WHAT TO PRODUCE:
Beneath this task are records; print exactly the stretch of them from the line with "Ubutumwa bwa Perezida" through the line with "Welcome to this", both ends included.

DATA IN THIS EXERCISE:
↓
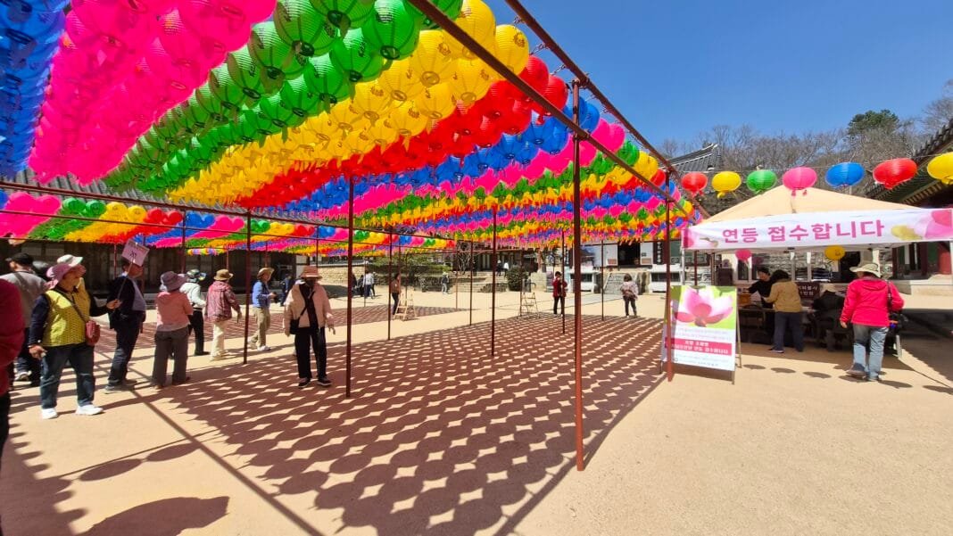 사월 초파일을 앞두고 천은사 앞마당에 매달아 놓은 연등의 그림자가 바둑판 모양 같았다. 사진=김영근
↑
↓
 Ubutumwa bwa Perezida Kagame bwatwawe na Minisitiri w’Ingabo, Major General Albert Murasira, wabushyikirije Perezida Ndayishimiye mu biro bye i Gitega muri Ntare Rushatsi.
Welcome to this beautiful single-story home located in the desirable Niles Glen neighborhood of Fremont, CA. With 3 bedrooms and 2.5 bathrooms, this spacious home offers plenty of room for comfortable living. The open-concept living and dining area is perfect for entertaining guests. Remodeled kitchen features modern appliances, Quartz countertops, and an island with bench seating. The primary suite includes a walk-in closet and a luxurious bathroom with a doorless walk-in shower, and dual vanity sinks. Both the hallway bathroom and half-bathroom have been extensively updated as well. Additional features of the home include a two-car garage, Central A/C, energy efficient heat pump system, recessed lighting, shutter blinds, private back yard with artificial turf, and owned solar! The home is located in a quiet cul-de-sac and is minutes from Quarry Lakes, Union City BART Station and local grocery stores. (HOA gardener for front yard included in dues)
↑
FINAL ANSWER:
 Ubutumwa bwa Perezida Kagame bwatwawe na Minisitiri w’Ingabo, Major General Albert Murasira, wabushyikirije Perezida Ndayishimiye mu biro bye i Gitega muri Ntare Rushatsi.
Welcome to this beautiful single-story home located in the desirable Niles Glen neighborhood of Fremont, CA. With 3 bedrooms and 2.5 bathrooms, this spacious home offers plenty of room for comfortable living. The open-concept living and dining area is perfect for entertaining guests. Remodeled kitchen features modern appliances, Quartz countertops, and an island with bench seating. The primary suite includes a walk-in closet and a luxurious bathroom with a doorless walk-in shower, and dual vanity sinks. Both the hallway bathroom and half-bathroom have been extensively updated as well. Additional features of the home include a two-car garage, Central A/C, energy efficient heat pump system, recessed lighting, shutter blinds, private back yard with artificial turf, and owned solar! The home is located in a quiet cul-de-sac and is minutes from Quarry Lakes, Union City BART Station and local grocery stores. (HOA gardener for front yard included in dues)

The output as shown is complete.